Кэт и Гарри накрылись двумя мантиями, мы с Томасом, Гермионой, Роном и Владом встали и потихоньку выбрались из зала. Гарри скинул мантию, когда мы поднялись на два этажа, и шел, рассказывая, как сдался Белле, она убила в нем крестраж, и прочее-прочее. И коротко, с моего кивка, изложил суть моей деятельности, которую видел в моих же воспоминаниях…

Директора в моем недавнем кабинете встретили нас бурей овации, подбрасывая шляпы, некоторые даже пританцовывали.

– Слизерин внес свой вклад! Слизерин сыграл положительную роль! – вещал Найджелус. Рон и Гермиона посмотрели на нас с Кэт и хмыкнули. Гарри смотрел на портрет Альбуса.

– То, что было спрятано в снитче, – начал он, – я выронил в Запретном лесу. Я не запомнил места и не собираюсь отправляться на поиски. Вы согласны со мной?

– Согласен, мой мальчик, – сказал Дамблдор. – Это мудрое и мужественное решение, но иного я от тебя и не ожидал. Знает ли кто-нибудь, где ты его выронил?

– Нет. Но я сохраню дар Игнотуса, – сказал Гарри.

Дамблдор просиял:

– Конечно, Гарри, он навсегда принадлежит тебе, пока ты не передашь его своим потомкам.

– А вот это, – он показал нам всем Бузинную палочку. – Мне не нужно. Мне нравилась моя. И раз эта может многое, то… – он достал из мешочка, висевшего у него на шее, обломки своей палочки, соединенные пером феникса. – Репаро!

И его палочка срослась, из её кончика полетели красные искры. Гарри взял ее в руку.

– Бузинную я положу туда, откуда Белла ее взяла, – Дамблдор смотрел на него с любовью и теплом, – когда я умру своей смертью, она лишится своей силы. Ее могуществу придет конец. От нее много тревог, а мне их хватит до конца жизни…

– Мудрое решение, – кивнул Дамблдор. – И еще… Я рад, что вы сумели друг друга простить, – он оглядел меня и Гарри.

– Скорее понять, – отозвался Поттер. И, как ни странно это было в недалеком еще прошлом, я был с ним согласен.

Рон ушел к своим, Влад и Гермиона тоже ушли, о чем-то негромко разговаривая и обнявшись, когда Кэтрин по очереди обняла нас троих.

– Думаю, я хочу домой. И первое, что мы там сделаем – уберемся и ляжем спать.

– Я предлагаю сначала заглянуть в «Три океана», которые на улице Дубов, – покачал головой Гарри. – Там классно делают салаты, а в особняке вряд ли есть еда сейчас.

– «Три океана»?

– Магловское кафе в Литтл-Хэйминге, – улыбнулся Том мне. – Я согласен с Гарри. Сев, ты с нами?
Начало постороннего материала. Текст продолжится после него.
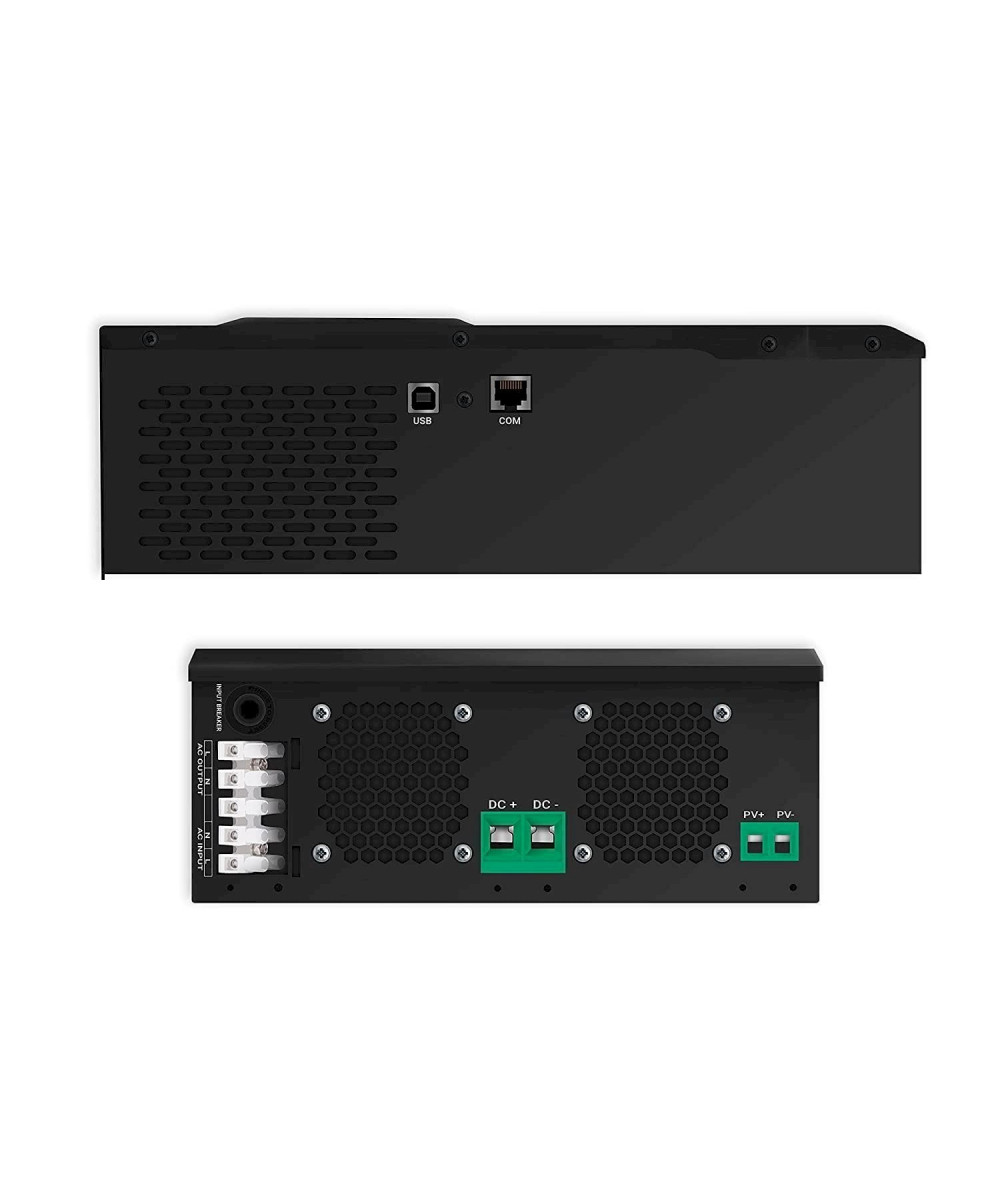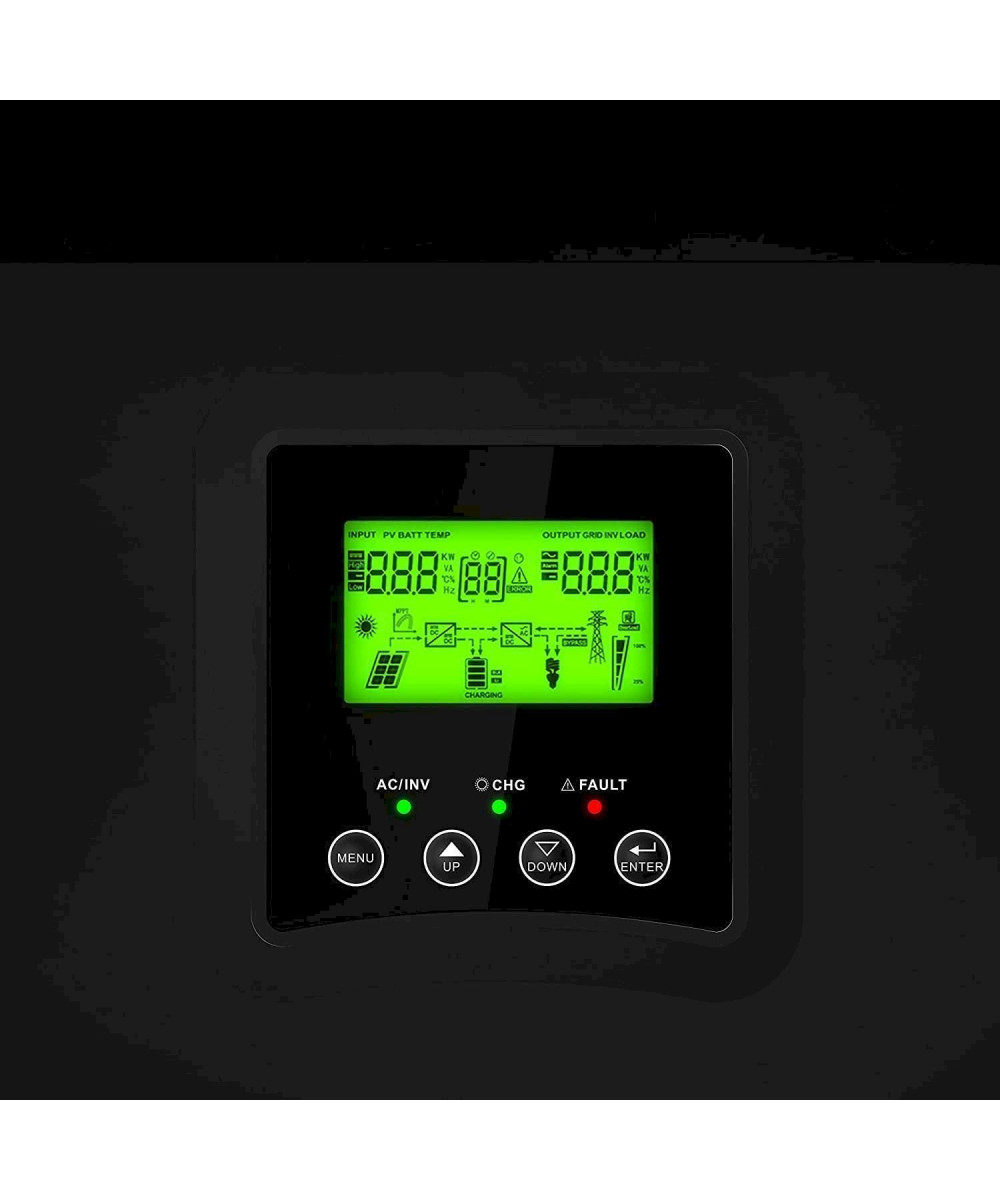 - Le contrôleur MPPT intégré vous permet de convertir l’énergie obtenue à partir des panneaux solaires en électricité avec les paramètres appropriés nécessaires pour charger les batteries et les appareils électriques de votre maison.
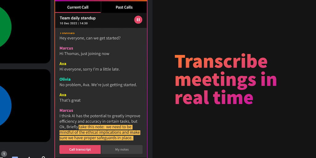 Briefly lets you focus in meetings and streamline your workflow by transcribing your calls, generating summaries, and assigning action items. Transform conversations into followup emails and project d

– С нами, – кивнула Кэтрин раньше, чем я успел открыть рот. И первая вышла из кабинета директора. Том вышел следом. Гарри задержался.

– Спасибо за все, профессор Снейп, – он переминался с ноги на ногу, явно осознавая неловкость момента для нас обоих. – За Кэт, прежде всего. Я рад, что вы вернулись…

– Как ты отметил, мы с тобой друг друга поняли, и, думаю, на большее нас вряд ли хватит, – невольно хмыкнул я. Милли, сидевшая у меня на плече, мыркнула. Гарри протянул мне руку, которую я крепко пожал.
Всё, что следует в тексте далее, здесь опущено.